Most unexpectedly, the 11 species can synthesize unsaturated fatty acids and complex lipids such as steroids [37]. In particular, Gemmata spp. can synthesize C30 sterols such as lanosterol, which are speculated to regulate membrane fluidity in the characteristic internal membranes of planctomycetes [18]. Although R. baltica is not capable of utilizing methanol, methylamine, or methylsulfonate [20], we detected biosynthetic genes for zeatin, steroids, steroid hormones, carotenoids, ubiquinones, and other terpenoid quinones in all 11 genomes. In addition, we found an intact mevalonate pathway conserved among the 11 species that produces the precursor of the terpenoid backbone, which indicates that Planctomycetaceae species are capable of synthesizing complex compounds. Schlesner et al. [6] found that the absorption spectrum of a methanol extract peaks at 495 nm and forms two shoulders at 460 and 520 nm, which are similar to that of carotene. However, few homologous genes related to steroid and carotene biosynthesis were found, which illustrates that the conserved domains of functional genes have been replaced during evolution or that these species use new biosynthetic pathways.

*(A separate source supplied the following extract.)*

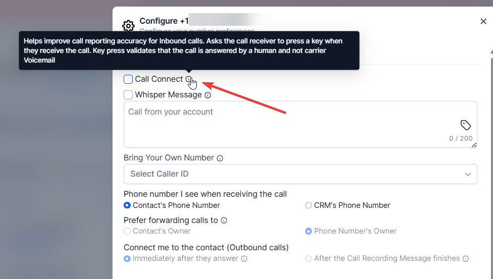 We can eliminate the possibility of confusion by checking the checkbox. By checking the box, the receiver of the inbound call must press a key to connect. That way, the system always knows whether or not a call was answered by a human, which is why we recommend turning this on.

Leary et al. [38] cloned the rpoN gene from P. limnophilus that encodes alternative sigma factor σ54, which is involved in diverse metabolic functions such as nitrogen fixation, hydrogen metabolism, and degradation of aromatic compounds, and they demonstrated complementation in a Salmonella typhimurium mutant. Analysis of the core metabolic pathways of the 11 species revealed that all of them shared metabolic pathways for degrading diverse toxic compounds, including ethylbenzene, aminobenzoate, naphthalene, chloroalkane, polycyclic aromatic hydrocarbon, toluene, bisphenol, benzoate, chlorocyclohexane, and chlorobenzene (Supplementary Fig. S3). This finding indicates that these species may have potential applications in environmental management. We marked the metabolic pathways for degrading aromatic compounds with bold rectangle in supplementary fig. S3. On the other hand, these species possess genes for synthesizing streptomycin and other antibiotics, such as tetracycline, ansamycins, vancomycin, novobiocin, butirosin, and neomycin. Furthermore, we also found biosynthetic genes for alkaloids, which are mostly toxic to humans.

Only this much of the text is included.